Il punto di partenza è la conoscenza di sé, infatti ogni insegnante ha punti di forza e debolezza, ha dei valori e dei sogni, ma non sempre trova il tempo per soffermarsi e fare il punto della situazione. Alla base di tutte le attività pratiche proposte ai partecipanti al corso si colloca il  modello PERMA (Positive emotion - Engagement - Relationship - Meaning - Accomplishment), ideato dal padre della psicologia positiva Martin Seligman, che punta su emozioni positive, coinvolgimento, legami sociali forti e sulla capacità di riconoscere un senso alla propria esistenza e perseguire obiettivi personali per sentirsi realizzati. Tutto questo è stato messo in campo per farsi domande ed accrescere la consapevolezza di sè. Quasi tutte le attività pratiche svolte sono replicabili in classe, da quelle icebreakers alle carte che rappresentano i valori, all’albero della vita e si adattano particolarmente alle attività di orientamento. 

Ogni giorno la lezione iniziava con una semplice domanda: come mi sento oggi? La risposta poteva arrivare sotto forma di numero o di immagine, ma quantificare o nominare uno stato d’animo è il primo passo per permettermi di intervenire e magari cambiare l’indirizzo della mia giornata. Al termine, invece, ci veniva richiesto un exit ticket: se dovessi mettere 3 cose di questa lezione in una capsula del tempo, quale sceglieresti? 

Abbiamo lavorato molto con l’arte, anche visitando alcuni musei di Barcellona, per il fatto che osservando un’opera puoi sperimentare da quanti punti di vista è possibile affrontare una situazione. 

E’ stata un’esperienza molto impattante, che ha agito in profondità a livello personale. La consiglio a tutti coloro che sentono il bisogno di dare una svolta alla meccanica routine dell’insegnamento.


Laura Guaraldo, Maria Pia Secco, Silvia Secco (docenti)

Teaching for a Sustainable World: Climate Change and Global Citizenship

Corso svolto dal 17 al 22 agosto a Helsinki.

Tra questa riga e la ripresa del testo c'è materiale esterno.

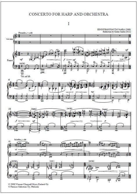 Piano reduction for Einojuhani Rautavaara's Concerto for harp and orchestra (2000) available for the first time (2024)! This product includes also the solo part edited by Kalen Smith.
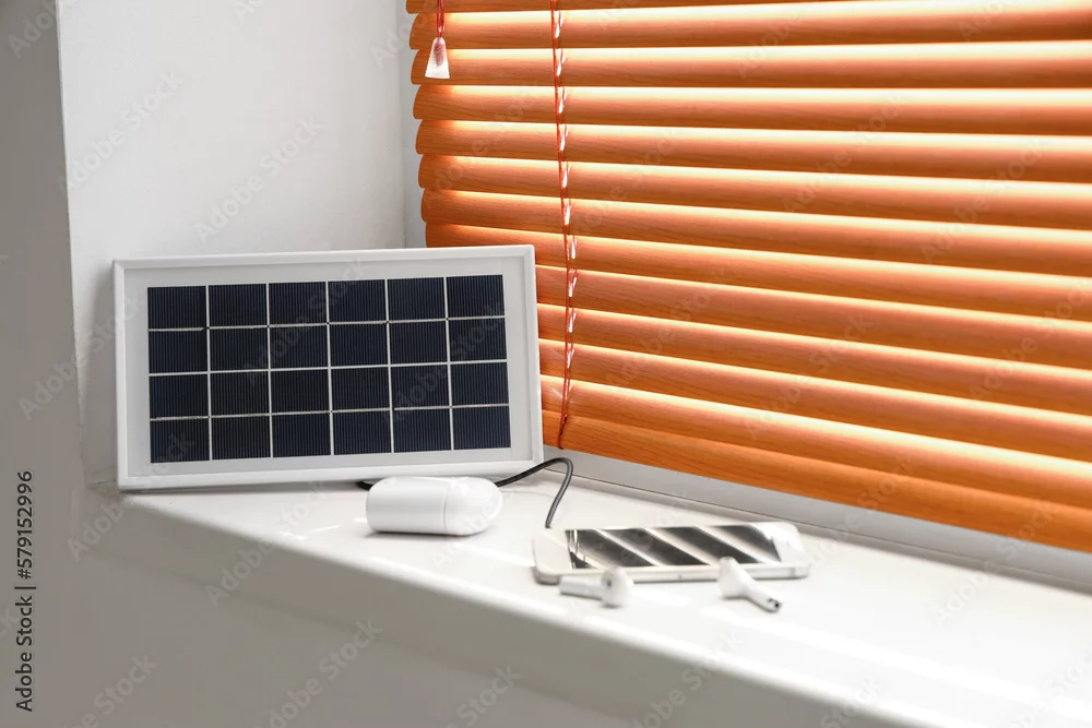 Portable solar panel charging mobile phone and earphones on windowsill in room
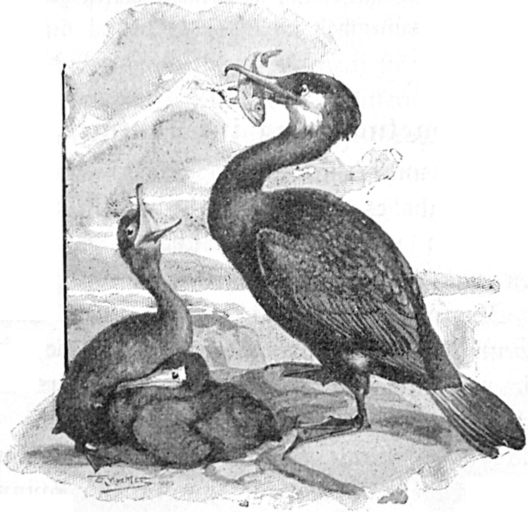 Einige von euch haben vielleicht auch schon Kormorane (siehe S. 33) gesehen, große schwarze Vögel, die schwerfällig über die See hinfliegen, mit weit vorgestreckten langen Hälsen und schmalen Flügeln. Sie lassen sich dann auf dem Wasser nieder und tauchen plötzlich mit dem Kopfe voran unter; gleich darauf kommen sie mit einem Fisch im Schnabel herauf, den zu verschlingen sie oft längere Zeit gebrauchen.

Il corso ha adottato una prospettiva globale e completa su sviluppo sostenibile, ingiustizia globale, impronta ecologica e sulle interconnessioni che ci legano tutti nell'affrontare il cambiamento climatico. Nel corso abbiamo esplorato come introdurre in classe l'educazione ai cambiamenti climatici e alla cittadinanza globale e abbiamo analizzato come integrare queste tematiche nella didattica di varie discipline.

I partecipanti, appartenenti a 15 diverse nazionalità, sono stati coinvolti attivamente in attività multisensoriali e trasversali, incentrate sullo studente, adattabili a diversi livelli di apprendimento in classe. Abbiamo compreso in particolare che la conoscenza non passa se non attraverso l’emozione e abbiamo fatto tesoro di questo principio. 

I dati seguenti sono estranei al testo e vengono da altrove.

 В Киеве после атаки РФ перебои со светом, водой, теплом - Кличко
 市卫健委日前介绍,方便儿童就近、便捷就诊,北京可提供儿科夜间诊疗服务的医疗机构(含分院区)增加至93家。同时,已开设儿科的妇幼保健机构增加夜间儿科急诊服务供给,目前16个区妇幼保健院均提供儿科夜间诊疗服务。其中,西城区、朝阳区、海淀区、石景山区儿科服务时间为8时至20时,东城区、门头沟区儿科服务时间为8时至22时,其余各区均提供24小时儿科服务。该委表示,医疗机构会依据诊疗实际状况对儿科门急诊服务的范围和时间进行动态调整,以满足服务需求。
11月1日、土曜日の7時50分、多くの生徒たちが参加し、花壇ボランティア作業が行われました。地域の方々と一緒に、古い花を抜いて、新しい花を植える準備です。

Diverse attività si sono svolte al di fuori dell’aula: dal plogging sulla barca sul Mar Baltico, alla visita dell’oasi protetta sull’isola di Harakka, dove gli studenti più grandi possono svolgere attività di analisi del plancton e dei residui plastici reperibili in natura. In ultimo abbiamo visitato il centro di riciclo del Kyläsaari, un luogo che raccoglie diversi oggetti usati che poi seleziona, sistema e separa in due categorie: quelli gratuiti e quelli destinati allo shop con il quale il centro si autofinanzia. Anche gli oggetti elettronici vengono riparati e rimessi in circolo dai volontari. Il centro è impegnato anche nella formazione con programmi appositi per disoccupati, immigrati, dipendenti interni e scuole: i partecipanti vengono sensibilizzati al riciclo con attività che li fanno riflettere, ad esempio, su quanti Kg di risorse sono necessari per produrre determinati oggetti.

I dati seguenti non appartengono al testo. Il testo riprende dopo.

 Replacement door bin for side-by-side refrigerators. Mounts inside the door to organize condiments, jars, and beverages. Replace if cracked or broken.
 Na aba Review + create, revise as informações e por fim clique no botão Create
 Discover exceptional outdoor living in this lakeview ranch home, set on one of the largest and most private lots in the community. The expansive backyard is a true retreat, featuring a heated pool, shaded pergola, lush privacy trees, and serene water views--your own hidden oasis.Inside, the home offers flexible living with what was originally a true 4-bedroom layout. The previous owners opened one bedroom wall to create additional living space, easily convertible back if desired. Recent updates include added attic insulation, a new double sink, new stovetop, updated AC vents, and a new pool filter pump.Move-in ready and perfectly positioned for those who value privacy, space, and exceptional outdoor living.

Riciclare e aiutare chi ha bisogno fa parte della mentalità finlandese (a Helsinki ci sono molti negozi vintage e second-hand) ma anche noi, dopo questa esperienza, vorremmo provare a realizzare il nostro centro di riciclo e sensibilizzare maggiormente la comunità scolastica nei confronti delle tematiche ambientali e di cittadinanza globale.